We believe that if you have a masterplan, if you have a design to achieve a certain milestone within a certain time, work towards achieving it. So, we looked at the masterplan and some of them were about 10 years old because they could have been accomplished within 15 years and we have  spent 10 years already and nothing have not been achieved. So we want to go back to the NDDC masterplan. I would like to emphasis that Niger Delta Regional Development masterplan is not only an NDDC plan. It is a plan that articulated and clearly spelt out the policies and programmes that must be collectively executed by all the development agencies. This comprises the Federal Government, the NDDC, international oil companies, state governments, the Niger Delta Region and the local governments. These are independent sectors but the masterplan was supposed to integrate all of these development partners to achieve an integrated development for the entire region. So we want to go back to the core mandate.
The days of competing with local government councils on who would buy chalk must come to an end. We want to do less of the smaller projects and do more regional bigger projects that would ultimately impact on the socio-economic life and development of the entire region.
We must reform the way we run the NDDC, we must agree on the procedures. Generally, we are also working on staff mindset. We would do everything that would be on track towards achieving the rapid agenda of the Niger Delta.

What steps are you taking to prevent contractors from defrauding the commission?

I want to acknowledge the efforts of the past board and management of the NDDC, conscious of the fact that some contractors are still insisting on coming to collect money and run away because we make advance payments.  What is the guarantee of making advance payments on projects? The advance payment is good and bad at the same time. We are determined to go after contractors who have collected money and abandoned their projects. We have set up a committee that will ensure that all the NDDC funds that are with contractors who have not delivered their projects are recovered.

We leant that your scholarship scheme will be stopped. What is the true position?

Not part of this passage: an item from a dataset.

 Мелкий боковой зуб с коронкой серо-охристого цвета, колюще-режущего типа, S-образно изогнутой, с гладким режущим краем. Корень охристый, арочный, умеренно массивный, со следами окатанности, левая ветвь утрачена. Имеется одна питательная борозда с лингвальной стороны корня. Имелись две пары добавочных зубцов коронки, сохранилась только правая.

Let me say that the NDDC does not have the intention and will never abandon any of its scholarship schemes. When we came in, we discovered that there were a lot of discrepancies in the way it was administered. When you award scholarship, it is for studies abroad.  You find out that more was paid to people who are in Nigeria and we didn’t see why that should happen. There are cases of people getting admission for certain courses in a certain university and are awarded scholarships. After being paid, some of them will go to another university for a different programme. These are the issues that we have discovered and have set up a committee into the matter. What we are appealing for is understanding because a lot of people have abused the scheme because the money is paid in dollars. So this is why it is taking time. But the assurance I want to give to all genuine students on scholarship is that there will be disbursement. It might take some time but we are doing everything possible to make sure we resolve this issue.

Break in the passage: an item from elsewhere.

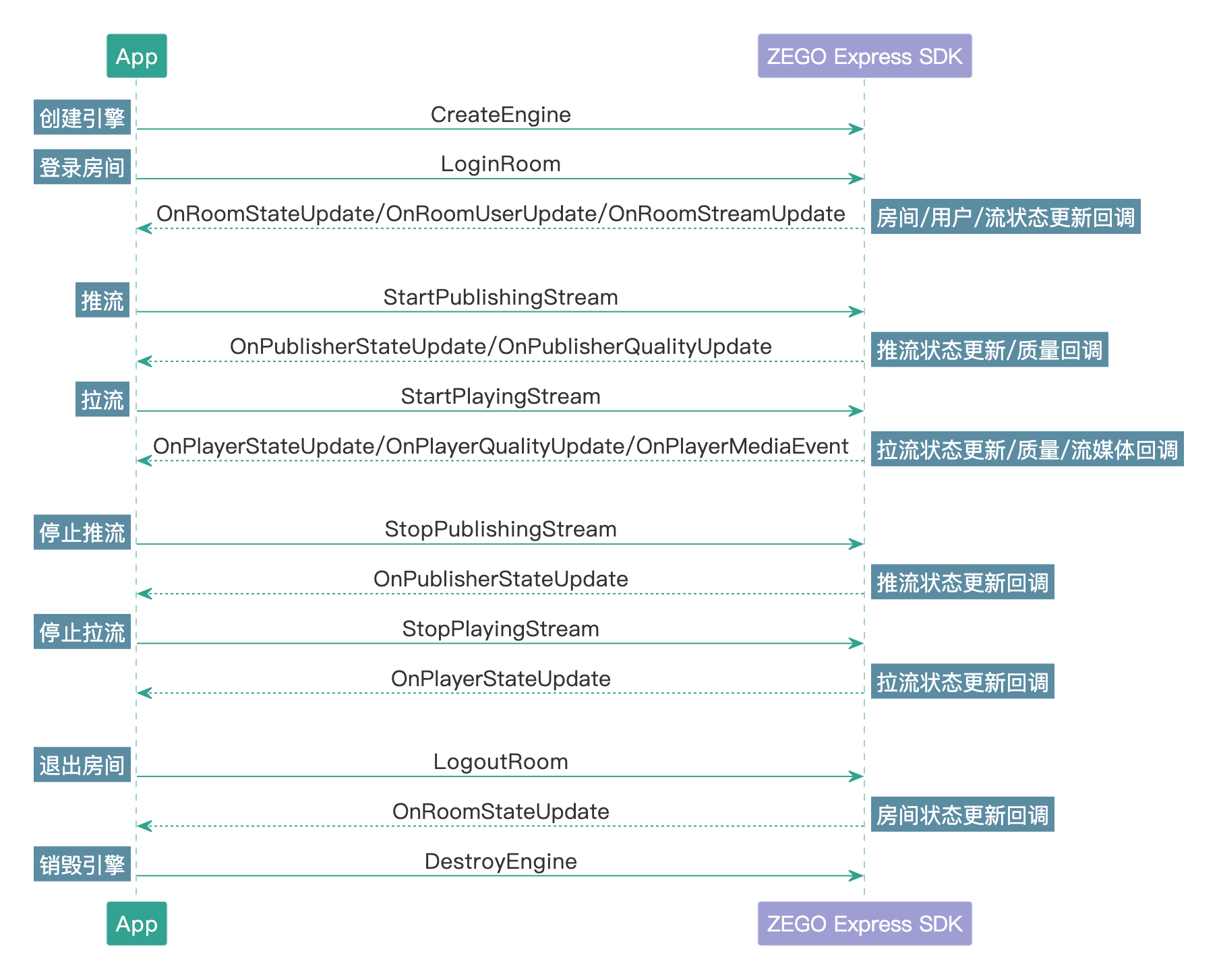 整个推拉流过程的 API 调用时序如下图:

We heard that the NDDC has pulled out from its partnership with the Rivers State government in some projects jointly executed?

The NDDC did not pull out of partnership with Rivers State. But because of the programme they wanted to do for the 50th anniversary of the creation of the state, they did us a letter that they wanted to pull out of the partnership of the project and there is nothing we could do about it.

The Rivers State government is one of our partners and we have a robust relationship with Rivers State just like all the nine states that make up the Niger-Delta region.